The only reason I'd ever see to cut off ALL of the leaves, is for bag appeal.


----------



## alotaball (Aug 6, 2011)

one think i noticed though.. is that if you trim off all the leaf matter.. it smells and taste better sooner .. (with less curing) .. if your gonna leave it leafy just make sure you get a GOOD cure because the leaves will make it harsh..

If its for personal and your not gonna make hash, wax , edibles.. I wouldnt cut any sugar leaves off and just cure it real well....


----------



## Prefontaine (Aug 6, 2011)

I like to smoke sugar leaf joints, as a former cigarette smoker it alleviates it makes me feel like im smoking a cig without getting asthmatic.


----------



## Prefontaine (Aug 6, 2011)

that is why I would remove them, but I think fat nugs with little whispery leaves tinkling at you has more bag appeal then those shaved nugs they have at the dispensary,


----------



## BonedOutDino420 (Aug 7, 2011)

I usually trim all my sugar trim, but I make qwiso hash all the time. I'd rather smoke has than leaves


----------



## elduece (Aug 7, 2011)

Leave the sugar leaves on for a nice slow dry.


----------



## UncleBuck (Aug 7, 2011)

i trim hard and deep (that's what she said?)

i get rid of all those sugar leaves as much as i can. use them for kief or give them away to clients to give them that warm and fuzzy feeling.

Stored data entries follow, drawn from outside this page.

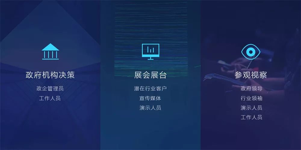 基于以上的市场潜在规模的考察和典型客户研究,在进行「灵鲲」产品能力规划时,我们主要考虑以下三类使用场景: 政府机构决策、展会展台及参观视察。
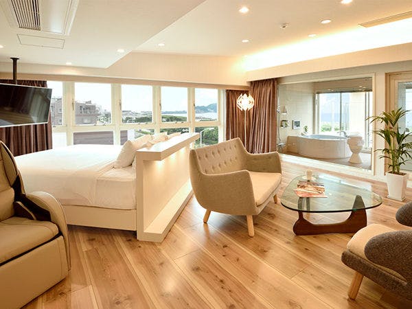 江の島と相模湾をパノラマで眺めることの出来るオープンデッキ、展望風呂、プレミアムスイートのみに設置したサウナ、湘南の自然の恵みと最上のホスピタリティでくつろぐ空間をごゆっくりとお過ごしください。
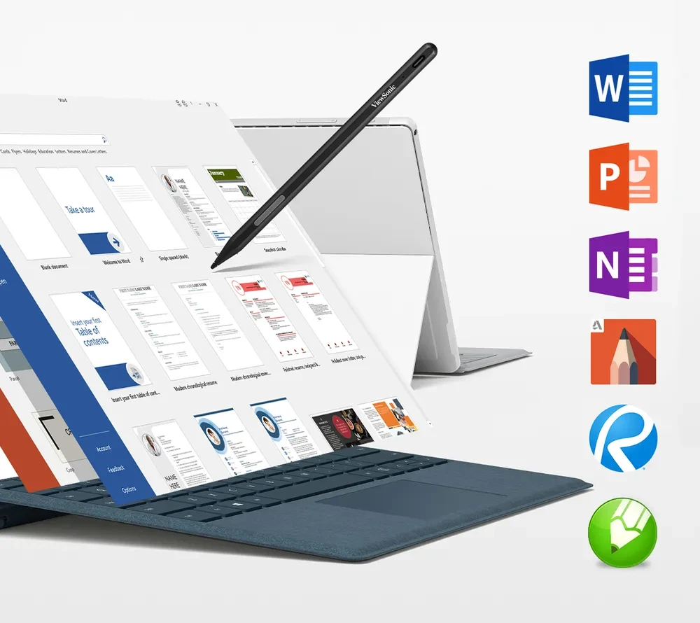 The pen can be used with commonly used educational and business applications such as OneNote, Microsoft Office, Adobe Suite, Drawboard, and more.
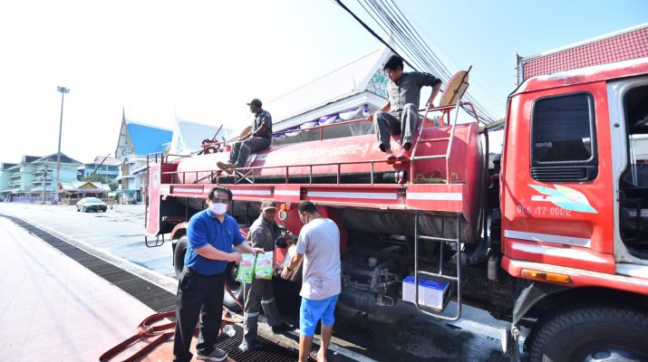 นครปฐม นายกเทศมนตรีเมืองไร่ขิงบัญชาการใช้น้ำยาล้างพื้นถนน
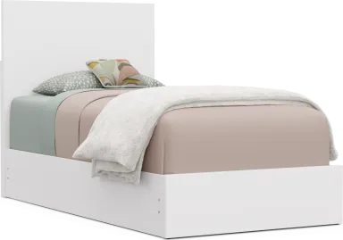 Keep your style light and current with the elevated appeal of the Skye panel bed. Finished in a crisp white laminate, this twin bed features a classic panel design that brings a well-manicured, contemporary look to the room. Mattress and foundation (if required) sold separately.
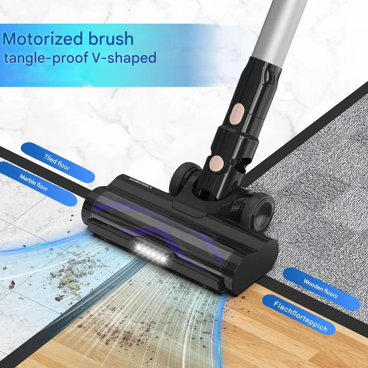 â€Â»Cordless vacuum cleaner : Electric brush head with LED lamp beads The 6-in-1 cordless vacuum cleaner can flexibly swivel 150° sideways and 90° forward and backward, and the LED lamp beads of the electric brush head can illuminate dark corners, allowing you to easily clean every corner of hard floors, carpets, stairs, keyboards, sofas, cars, etc.

i like seeing a nug without any leaf on it, just bud, bud, and bud.

your mileage may vary


----------



## pickle8 (Aug 8, 2011)

I cut off what I can of the sugar leaves. I try to cut them flushwith the bud so nothing is sticking out past the buds.


----------



## ZeeeDoc (Aug 9, 2011)

I cut off every single bit of leaf i can. Put to oneside and make hash out of it. When i have left Sugar Leafs on , it resulted in a harsher smoke. And theres nothing like a primo bud in its finished state. Another thing i do is if the leafs are super frosty then ill dry them out soon as i can and ill smoke frosty trim while the buds are drying out.


----------



## canefan (Aug 9, 2011)

To Leave or Not to leave, certainly is a good question. A well trim bud looks great in a bag for sale and a bud with its' sugar leaves looks nice and frosty in my cure jar. When you trim all the sugar leaves of your bud you are exposing all of your resin crystals to hazards of handling. The sugar leaves are there to help protect your bud and the resin on it. I understand the bag appeal part, if you are selling it, trim away. If you are keeping it for yourself or close friends keep the sugar leaves on to protect your bud until it is ready to smoke.
Here is a little project for those willing to partake. Trim a few buds up nice and close place them in your cure jar, then take an equal amount of bud with their sugar leaves intact in another cure jar. When the cure is over and you are ready to sample your prize buds, check out the amount of crystals attached to the jars. I think you will find you have much more resin stuck to the jar that contains your nice pretty trimmed buds.
Happy Growing


----------



## ZeeeDoc (Aug 9, 2011)

Good point about crystals gettin stuck to the jar without the trim on. Sounds logical. 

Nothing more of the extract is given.